**DATA BELOW**
=-=-=
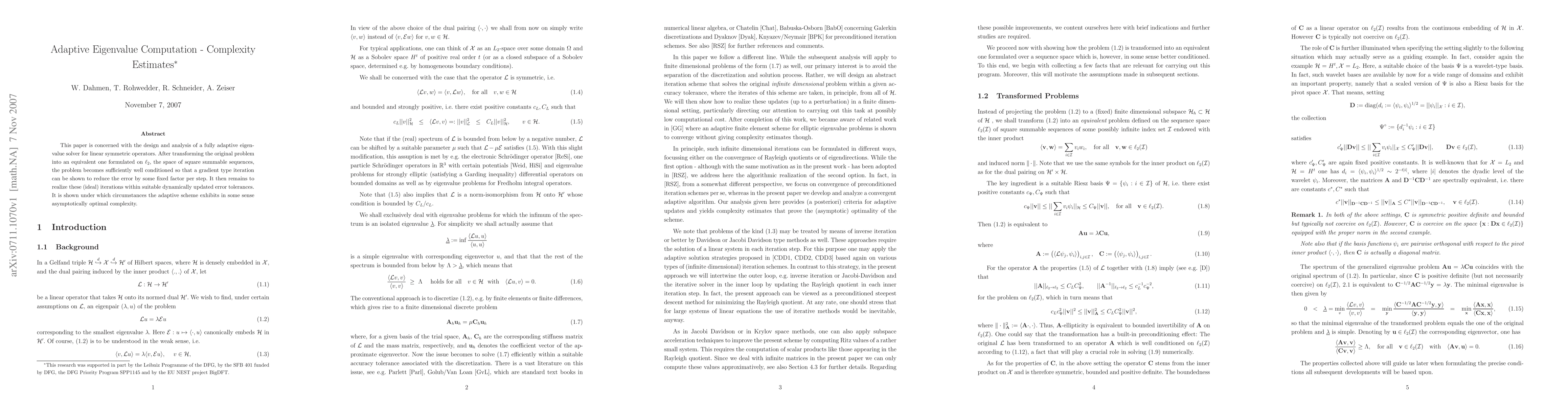 Researchers designed a fully adaptive eigenvalue solver for linear symmetric operators, showing it can reduce error by a fixed factor per step. Under certain conditions, the scheme exhibits asymptotically optimal complexity.
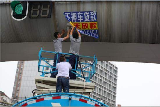 目測人行道過街天橋橋身垂直距離地面8米,100cm*80cm見方的藍色 “牛皮鮮”上印著車貸廣告。關注到這些廣告的市民都在猜:“這么高的天橋,牛皮蘚是么樣貼上去的?”據青山城管“三亂”整治專班負責人介紹,友誼大道兩座天橋東南西北四個方向的紅綠燈旁均被貼上了同一內容的“牛皮癬”,應該是前天晚上(11日)干的,估計有兩種方式張貼:一是借助比較高的車身站立進行,這需要大型車輛配合;二是腰系安全帶從橋面懸垂下去,這很簡單,但是很危險。不管是怎么貼上去的,只要發(fā)現一處,就清理一處,這點事難不倒我們。有困難找龍豪升降機,除了及時清理外,還將對當事人展開調查,依法進行處置。
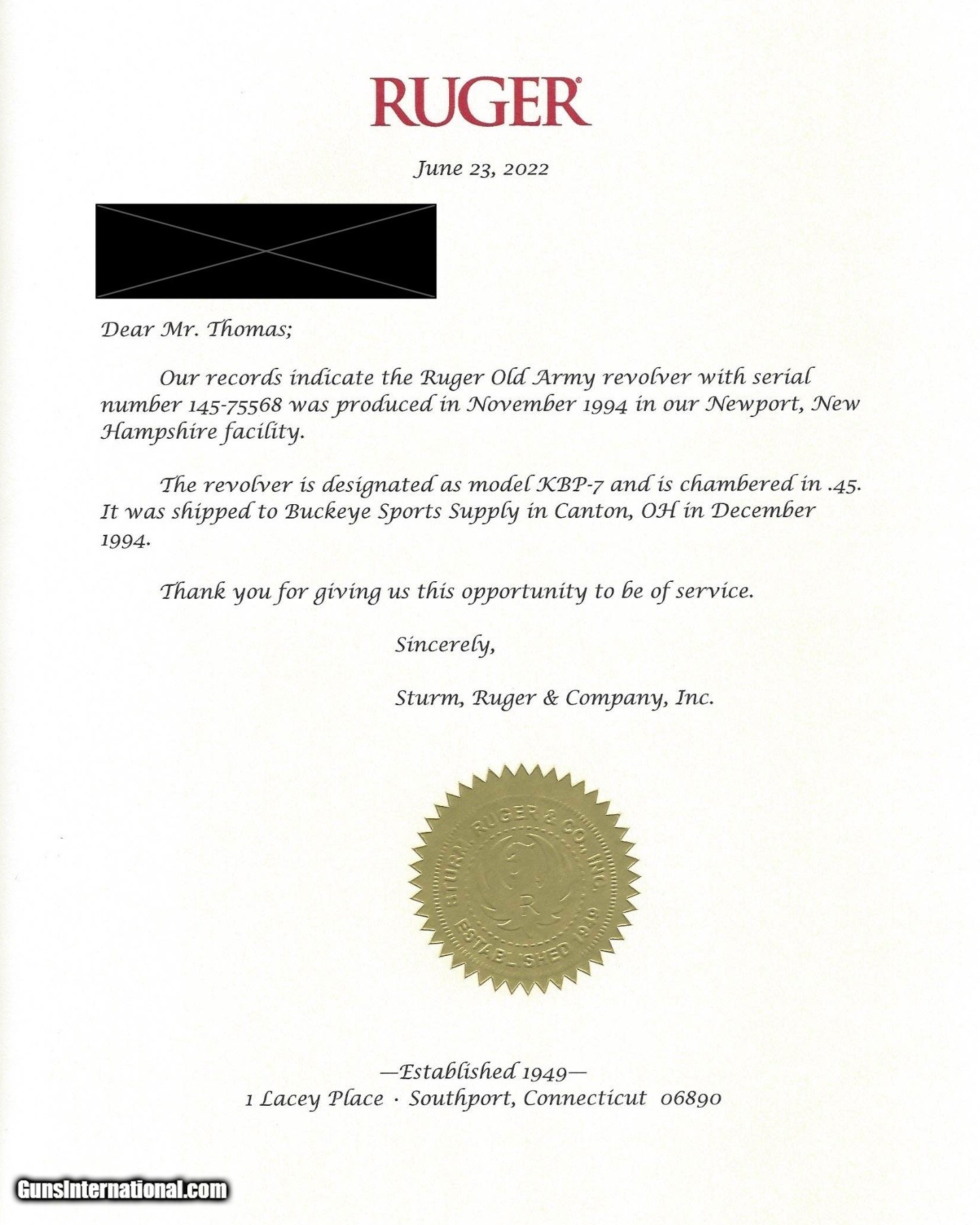 Description: UNFIRED - Ruger Old Army, Stainless Steel, cap and ball revolver, it is designated as model KBP-7 and is chambered in .45 caliber. Arguably the best percussion revolver ever built. Beautiful matte Stainless-Steel finish, with 7.5-inch round barrel, adjustable sights, stainless steel nipples, smooth walnut wood grips with black and silver Ruger Eagle Medallions, comes in a Ruger yellow and black one-piece box, with Owner’s Manual and combination Nipple Wrench and Screw Driver, only the lightest of handling marks. Built in 1994. Serial number 145-75568. While listed as .45 caliber it uses .457 round balls or .454 conical bullets. Ruger states It is safe to use as much Black Powder as the chamber will hold, leaving room for the bullet, although Ruger recommends 20 grains of FFFG with a round ball and either #10 or #11 caps for target practice. Like new is the best way to describe this cap and ball revolver. Even the red and black Ruger box is in excellent condition. All local, state and federal laws apply. Please check your local laws before your purchase. FREE USPS Priority Shipping to lower 48 states. SOLD Manufacturer: Ruger Model: KBP-7 Serial Number: 145-75568 Condition: Like New |
=-=-=
**ASSIGNMENT**
Reproduce the material in full, word for word, and omit the pictures.

**RESPONSE BOX**
 Researchers designed a fully adaptive eigenvalue solver for linear symmetric operators, showing it can reduce error by a fixed factor per step. Under certain conditions, the scheme exhibits asymptotically optimal complexity.
 目測人行道過街天橋橋身垂直距離地面8米,100cm*80cm見方的藍色 “牛皮鮮”上印著車貸廣告。關注到這些廣告的市民都在猜:“這么高的天橋,牛皮蘚是么樣貼上去的?”據青山城管“三亂”整治專班負責人介紹,友誼大道兩座天橋東南西北四個方向的紅綠燈旁均被貼上了同一內容的“牛皮癬”,應該是前天晚上(11日)干的,估計有兩種方式張貼:一是借助比較高的車身站立進行,這需要大型車輛配合;二是腰系安全帶從橋面懸垂下去,這很簡單,但是很危險。不管是怎么貼上去的,只要發(fā)現一處,就清理一處,這點事難不倒我們。有困難找龍豪升降機,除了及時清理外,還將對當事人展開調查,依法進行處置。
 Description: UNFIRED - Ruger Old Army, Stainless Steel, cap and ball revolver, it is designated as model KBP-7 and is chambered in .45 caliber. Arguably the best percussion revolver ever built. Beautiful matte Stainless-Steel finish, with 7.5-inch round barrel, adjustable sights, stainless steel nipples, smooth walnut wood grips with black and silver Ruger Eagle Medallions, comes in a Ruger yellow and black one-piece box, with Owner’s Manual and combination Nipple Wrench and Screw Driver, only the lightest of handling marks. Built in 1994. Serial number 145-75568. While listed as .45 caliber it uses .457 round balls or .454 conical bullets. Ruger states It is safe to use as much Black Powder as the chamber will hold, leaving room for the bullet, although Ruger recommends 20 grains of FFFG with a round ball and either #10 or #11 caps for target practice. Like new is the best way to describe this cap and ball revolver. Even the red and black Ruger box is in excellent condition. All local, state and federal laws apply. Please check your local laws before your purchase. FREE USPS Priority Shipping to lower 48 states. SOLD Manufacturer: Ruger Model: KBP-7 Serial Number: 145-75568 Condition: Like New |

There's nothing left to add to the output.